Task requirements ▸
When the line with "Home Men's Jeans" turns up below, begin repeating exactly, and carry on through the line with "工人在壟上鋪設(shè)水管"; no pictures go into the copy.
─── Task material ───
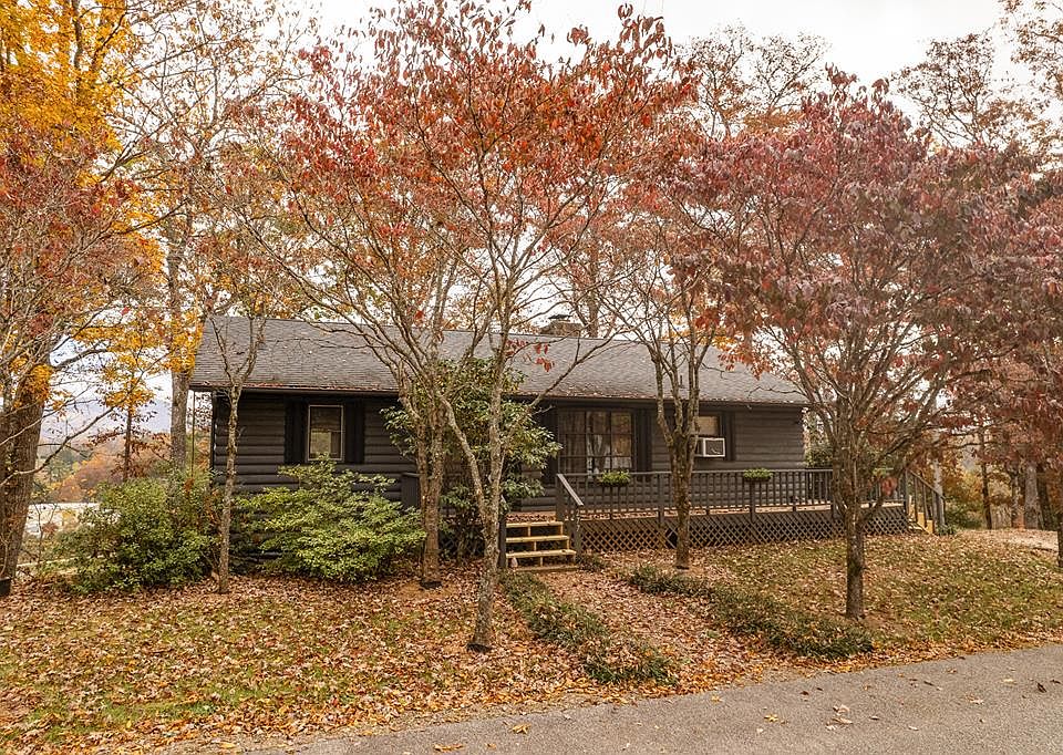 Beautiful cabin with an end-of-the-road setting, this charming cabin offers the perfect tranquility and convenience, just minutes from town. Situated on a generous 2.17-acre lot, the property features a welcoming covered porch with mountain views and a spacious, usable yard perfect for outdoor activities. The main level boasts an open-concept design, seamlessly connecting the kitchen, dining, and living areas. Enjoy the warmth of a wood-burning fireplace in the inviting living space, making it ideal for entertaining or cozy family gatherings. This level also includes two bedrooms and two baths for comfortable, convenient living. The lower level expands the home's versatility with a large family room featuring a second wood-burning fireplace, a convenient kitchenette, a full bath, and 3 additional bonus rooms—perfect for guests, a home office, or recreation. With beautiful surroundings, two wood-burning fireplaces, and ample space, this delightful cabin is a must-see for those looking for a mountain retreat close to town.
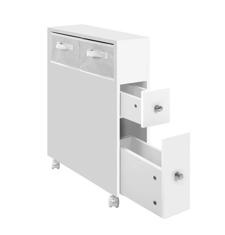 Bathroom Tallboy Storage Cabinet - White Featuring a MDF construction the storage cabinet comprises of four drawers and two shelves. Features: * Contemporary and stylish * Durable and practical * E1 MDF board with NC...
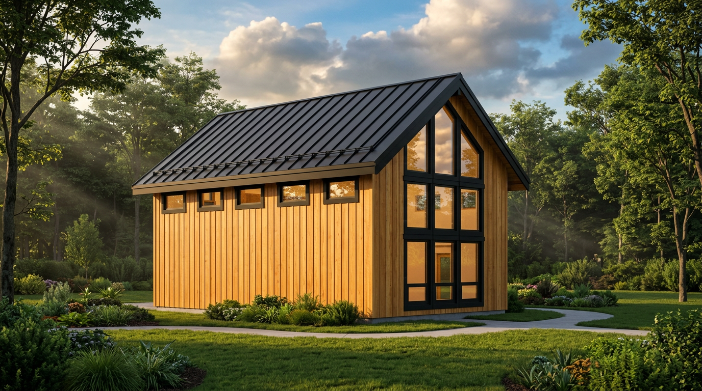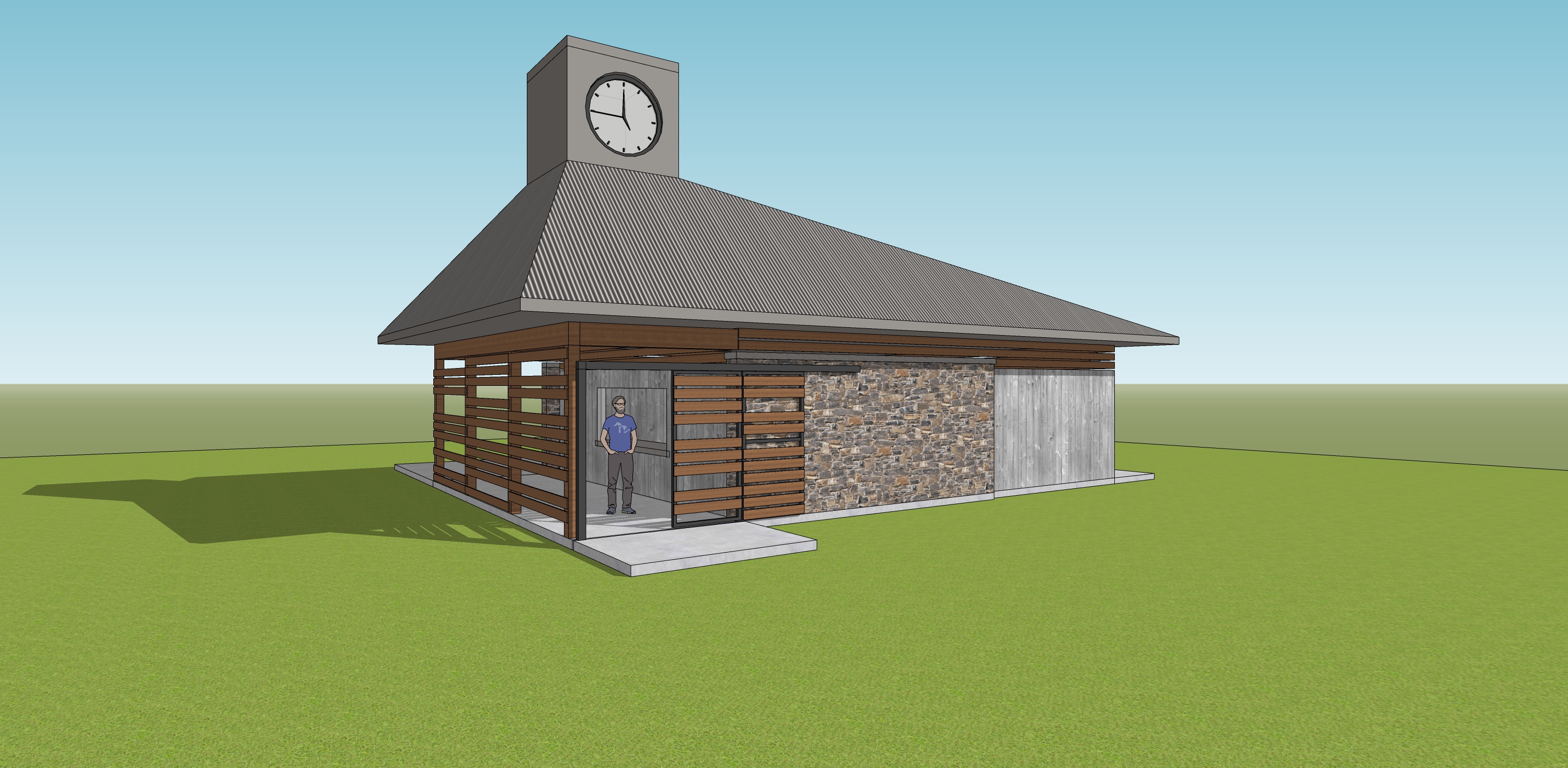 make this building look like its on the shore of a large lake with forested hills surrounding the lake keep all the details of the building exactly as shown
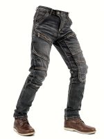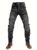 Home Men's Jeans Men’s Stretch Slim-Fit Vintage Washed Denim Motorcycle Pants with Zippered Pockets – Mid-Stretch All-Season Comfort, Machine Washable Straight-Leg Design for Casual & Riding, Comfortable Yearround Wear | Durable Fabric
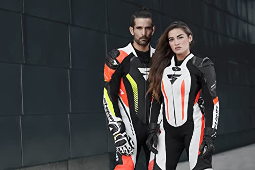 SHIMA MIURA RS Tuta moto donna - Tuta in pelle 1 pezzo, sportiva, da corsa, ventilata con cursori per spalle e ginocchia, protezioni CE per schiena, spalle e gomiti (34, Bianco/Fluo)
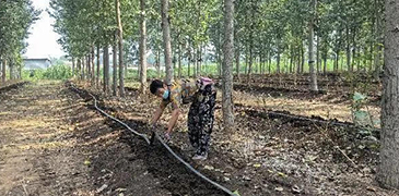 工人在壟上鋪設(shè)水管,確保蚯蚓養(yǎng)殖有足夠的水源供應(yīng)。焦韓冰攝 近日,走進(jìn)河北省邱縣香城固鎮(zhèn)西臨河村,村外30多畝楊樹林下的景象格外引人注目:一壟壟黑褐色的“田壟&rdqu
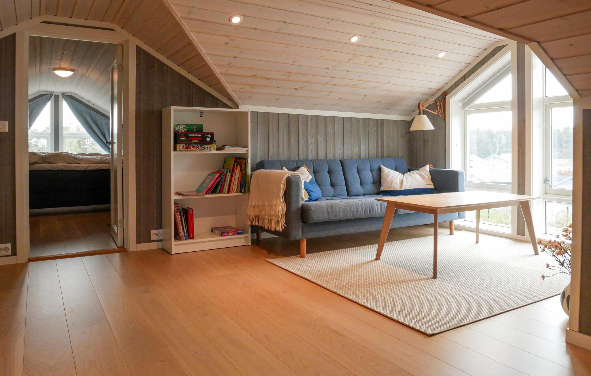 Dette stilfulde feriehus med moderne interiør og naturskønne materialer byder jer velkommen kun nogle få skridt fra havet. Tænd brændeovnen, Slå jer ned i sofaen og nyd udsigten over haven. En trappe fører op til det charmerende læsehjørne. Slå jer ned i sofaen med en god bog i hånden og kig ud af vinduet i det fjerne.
───
Task response ▸
 Home Men's Jeans Men’s Stretch Slim-Fit Vintage Washed Denim Motorcycle Pants with Zippered Pockets – Mid-Stretch All-Season Comfort, Machine Washable Straight-Leg Design for Casual & Riding, Comfortable Yearround Wear | Durable Fabric
 SHIMA MIURA RS Tuta moto donna - Tuta in pelle 1 pezzo, sportiva, da corsa, ventilata con cursori per spalle e ginocchia, protezioni CE per schiena, spalle e gomiti (34, Bianco/Fluo)
 工人在壟上鋪設(shè)水管,確保蚯蚓養(yǎng)殖有足夠的水源供應(yīng)。焦韓冰攝 近日,走進(jìn)河北省邱縣香城固鎮(zhèn)西臨河村,村外30多畝楊樹林下的景象格外引人注目:一壟壟黑褐色的“田壟&rdqu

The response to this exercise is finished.